Actually, I should probably just tell you what university I’m talking about; my feelings and thoughts about What A University Is will make a lot more sense: It’s University of Michigan. I live in Ann Arbor. Which might also help you understand why I feel the way I do about The Rich Liberals.
All this said, there are plenty of interesting people affiliated with U of M. Good old Phil, of course, and many others, too. I have not met any of these people in their professional capacity. I have met them through mutual friends, or at church, or at the slightly-above-dive bar at which I do my nightly reading, or otherwise out in the world. I would not have cause to meet any of these people in their professional capacity even if I were a student. I have the same amount of ease finding my intellectual kin from my position outside the academy as I would have from inside the academy, and I’m not having to jump through insane hoops while I do it.
I hated school and was a terrible student basically my whole school career. I hate makework. I hate having to prove myself to people whose opinions I deeply don’t care about. I have always loved thinking and learning and shooting the shit, though. For a long time I fell for the Lucy and the football trick that teachers would always pull on me. “Sure, middle school is hard for you, but high school will be better; you’ll have a lot more freedom.” “Sure, high school was tough for you, but it’s tough for everyone. College will be a much better fit.” I’m wondering what is giving me the inkling that trying to jump straight to grad school would be remotely different.
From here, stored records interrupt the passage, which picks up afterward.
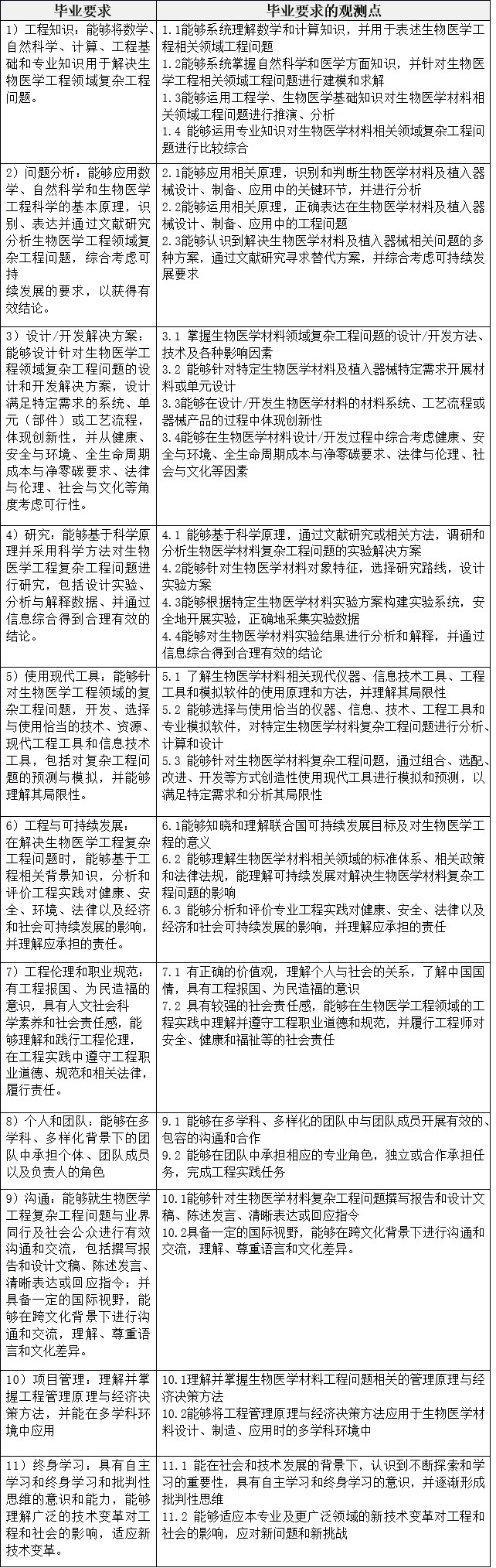 (3)素养:具有良好的人文素养、社会责任感、法制观念及科学素养,满足社会对复合型生物医学材料及植入器械领域技术人才的要求,能够积极服务国家和社会;(对应毕业要求:3、6、7)
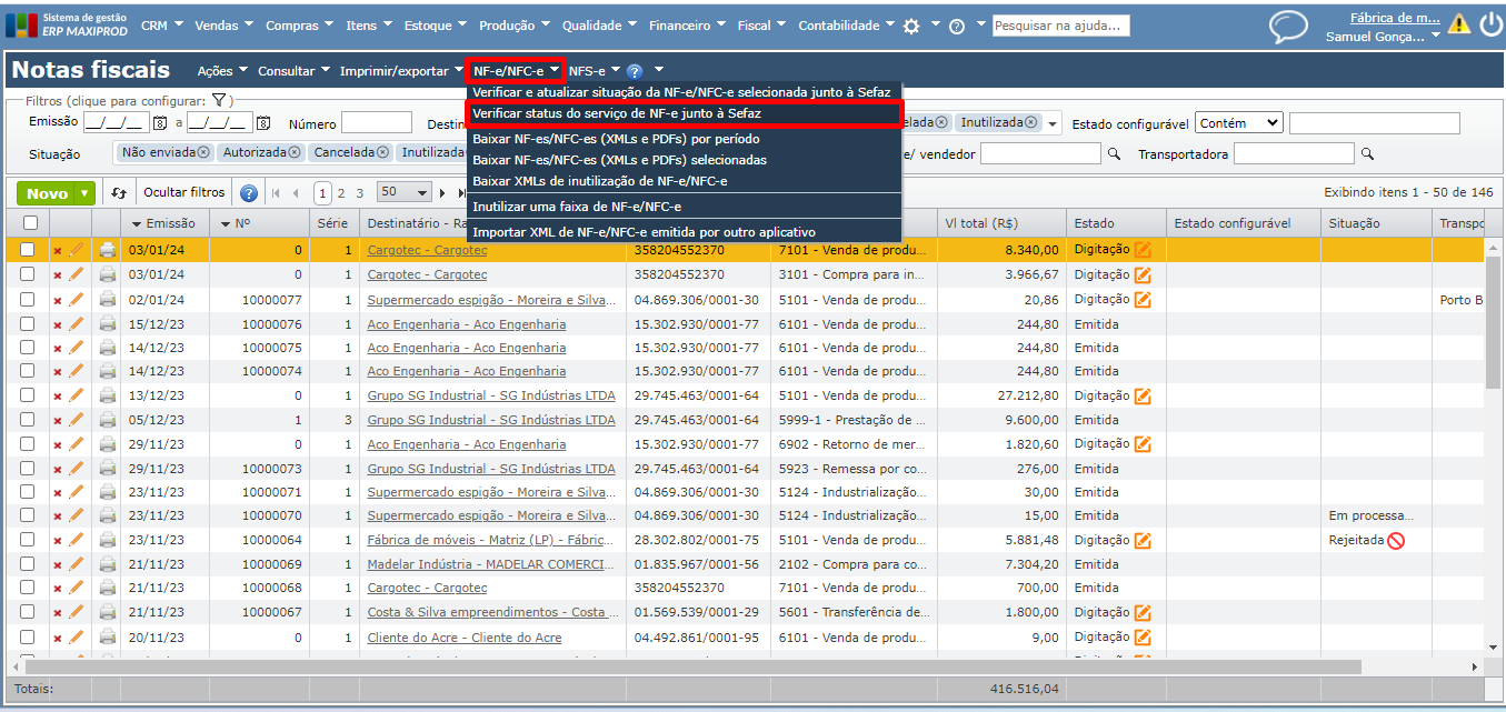 2) Na grade de notas fiscais, acesse o submenu “NF-e/NFC-e > Verificar status do serviço de NF-e junto à Sefaz”.
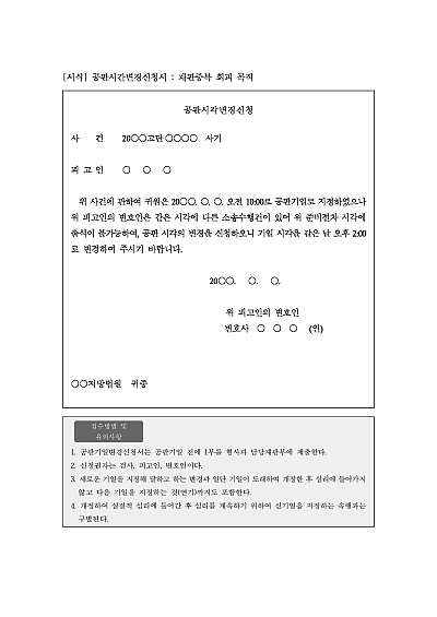 공판시간변경신청서 : 재판중복 회피 목적 요약정보 및 구매
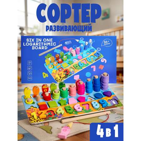 Занимательная настольная игрушка совмещает в себе сразу несколько интересных игр: сортер для изучения фигур и цифр, любимая малышами магнитная рыбалка, пирамидка с разноцветными кольцами.
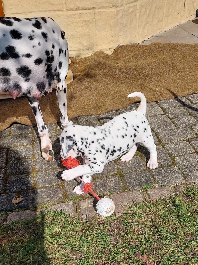 Am 27.11.25 kam es zum Rendezvoues zwischen Phoebe und Chester. Die Hunde waren sich gleich sehr sympathisch und spielten schön miteinander. Es vollkommen frei und ungezwungen zum Deckakt. Wir sind sicher, dass er Früchte tragen wird und freuen uns schon sehr auf die Babys.
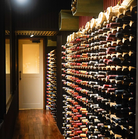 店内のワインセラーには、イタリア産・スペイン産を中心に30種類以上のワインがずらり。シャンパンも豊富で、特別な夜を彩る一本に出会えます。
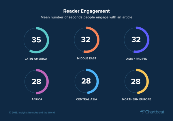 El engagement en América Latina (concretamente en términos de tiempo dedicado a la lectura de los artículos) encabeza las audiencias internacionales, según los resultados extraídos de la red de periódicos que usan Chartbeat, correspondiente al primer trimestre de 2019 (1Q), que acaba de publicar esta empresa de analítica.
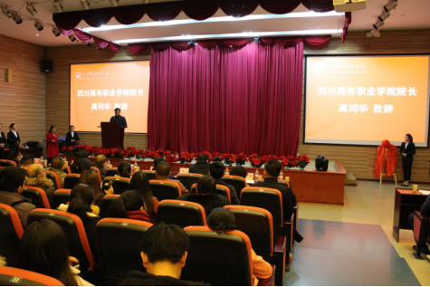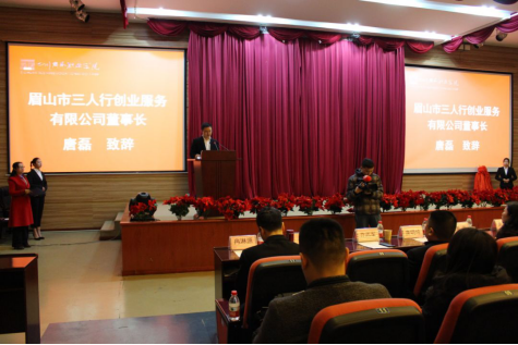 眉山市三人行创业服务有限公司董事长唐磊致辞,向各位领导、嘉宾介绍公司及校企合作有关情况。
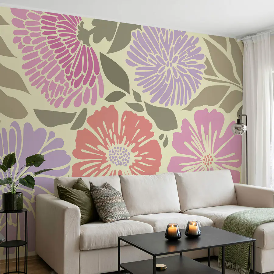 Trasformate qualsiasi spazio con questo vivace murale, caratterizzato da un vivace motivo floreale che vi farà sentire come se foste entrati in un tranquillo giardino. Immaginate di svegliarvi ogni mattina circondati da questi fiori giocosi nei toni tenui del lavanda e del blush: è come un allegro abbraccio per le vostre pareti! Perfetto per un salotto accogliente o una cucina luminosa, questo murale porta un po' di natura all'interno, creando un'atmosfera rinfrescante. È destinato ad accendere la gioia e forse anche a ispirarvi a iniziare l'hobby delle composizioni floreali a cui stavate pensando. Con questo splendido sfondo, ogni giorno sembrerà un giorno di primavera, e chi non ha bisogno di una spruzzata di colore nella propria vita? Abbracciate la bellezza dei fiori senza bisogno di innaffiare!

There’s one more thing, too: I don’t have any money. I have never made more than $22k in a year, which makes for a scanty lifestyle here in Ann Arbor, where the average rent is $1.6k/month. There are quite a few financial resources for Nontraditional Students (read:older than 22 and working class) in Michigan, which we are very fortunate to have and I don’t take it for granted; I could make good use of these if I wanted to. I think I would still likely have to go into crippling debt, though.
I think the thing I am looking for doesn’t exist yet. I think I might have to build it.
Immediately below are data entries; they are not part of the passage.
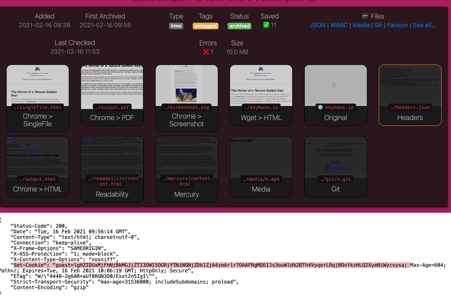 cookies.txtfile may be reflected in server responses and saved in the Snapshot output (e.g. inheaders.json) making it visible in cleartext to anyone viewing the Snapshot, (don't use your personal Chrome profile for archiving or people viewing your archive can then authenticate as you!)any secret tokens embedded in URLs (e.g. secret invite links, Google Doc URLs, etc.) will be visible on
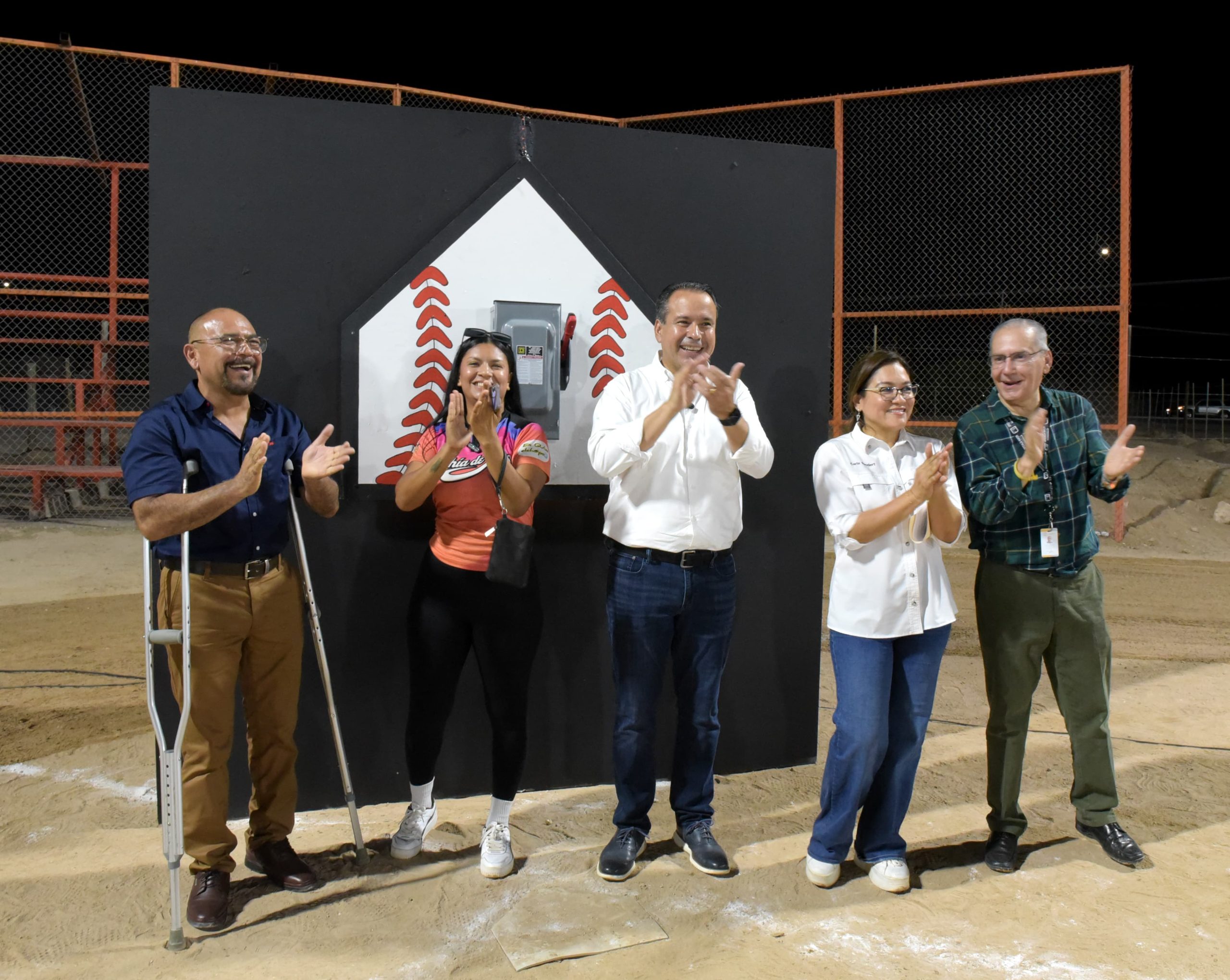 La deportista, junto al Presidente Municipal Antonio Astiazarán, activó el sistema de iluminación semiprofesional que, con una inversión de 2.8 millones de pesos, permitirá la práctica de disciplinas en horario nocturno.
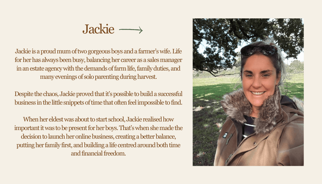 Since starting my journey, my greatest achievement has been making my maternity leave endless and consistently out-earning my former full-time salary! My business runs 24/7 thanks to the automation built into the model — whether I’m spending time with my little boy, riding my horses, walking the dogs, or simply enjoying life at a slower pace, on my terms.

I had similar feelings about academia and my solution was, for a long time, to live at its outer edge - working odd jobs near university towns, so I would have access to libraries and events and a few like-minded people, but would have no obligation to take on its values and sensibilities. A few years ago I crossed over - by accident, it seemed - and am surprised I've lasted so long. As it turns out, academia might need people like us to survive.
“people who Know The Canon”— I agree with this as long as we make a big distinction between knowing the canon and actually reading it. In my experience, a lot of the vapidity comes from people knowing what opinions you’re supposed to have about books but not really paying attention to what the books say. Knowing reputations but not doing the reading! I feel like that’s 2/3 of literary discussion everywhere you go,and sadly that includes self-consciously counter-institutional spaces like sub stack!